_Work to be completed_
Reproduce exactly, and only, the lines of the material below running from the line bearing "This breathtaking work" through the line bearing "I am proud to". Leave any pictures out.

_Data records_
=== Begin Enclosure ===

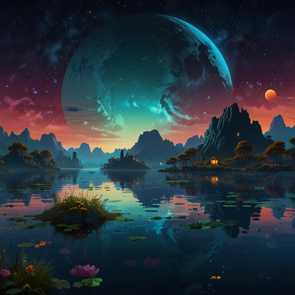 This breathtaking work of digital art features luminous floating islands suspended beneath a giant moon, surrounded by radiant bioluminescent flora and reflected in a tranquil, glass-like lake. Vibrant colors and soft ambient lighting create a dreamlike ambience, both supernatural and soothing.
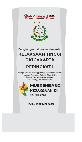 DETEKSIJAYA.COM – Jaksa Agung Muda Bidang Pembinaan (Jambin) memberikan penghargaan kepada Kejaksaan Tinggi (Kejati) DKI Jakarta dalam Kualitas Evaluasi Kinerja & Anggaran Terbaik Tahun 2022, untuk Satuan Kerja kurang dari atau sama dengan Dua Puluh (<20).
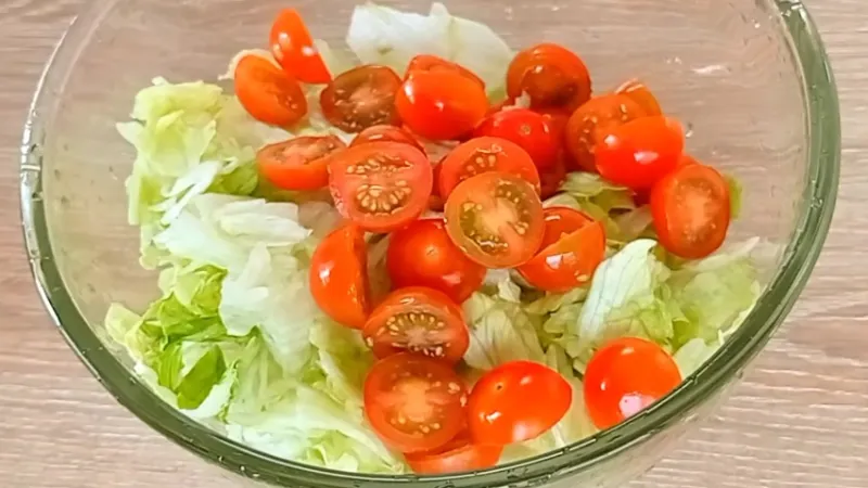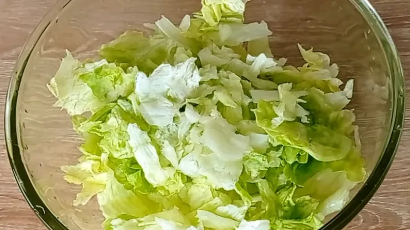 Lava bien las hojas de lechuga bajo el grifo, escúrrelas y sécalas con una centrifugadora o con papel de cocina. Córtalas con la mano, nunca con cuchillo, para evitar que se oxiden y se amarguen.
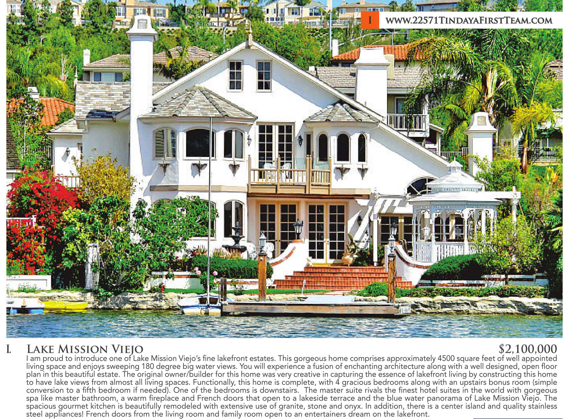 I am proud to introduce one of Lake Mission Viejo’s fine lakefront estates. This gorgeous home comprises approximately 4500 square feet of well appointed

=== End Enclosure ===
=== Begin Enclosure ===

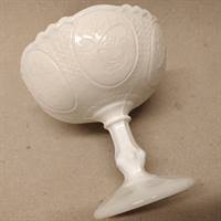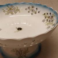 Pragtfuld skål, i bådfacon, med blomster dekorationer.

=== End Enclosure ===
=== Begin Enclosure ===

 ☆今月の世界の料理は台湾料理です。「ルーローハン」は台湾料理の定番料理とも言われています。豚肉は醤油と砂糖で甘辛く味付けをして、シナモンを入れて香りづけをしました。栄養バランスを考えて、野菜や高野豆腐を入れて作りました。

=== End Enclosure ===

_Task output_
 This breathtaking work of digital art features luminous floating islands suspended beneath a giant moon, surrounded by radiant bioluminescent flora and reflected in a tranquil, glass-like lake. Vibrant colors and soft ambient lighting create a dreamlike ambience, both supernatural and soothing.
 DETEKSIJAYA.COM – Jaksa Agung Muda Bidang Pembinaan (Jambin) memberikan penghargaan kepada Kejaksaan Tinggi (Kejati) DKI Jakarta dalam Kualitas Evaluasi Kinerja & Anggaran Terbaik Tahun 2022, untuk Satuan Kerja kurang dari atau sama dengan Dua Puluh (<20).
 Lava bien las hojas de lechuga bajo el grifo, escúrrelas y sécalas con una centrifugadora o con papel de cocina. Córtalas con la mano, nunca con cuchillo, para evitar que se oxiden y se amarguen.
 I am proud to introduce one of Lake Mission Viejo’s fine lakefront estates. This gorgeous home comprises approximately 4500 square feet of well appointed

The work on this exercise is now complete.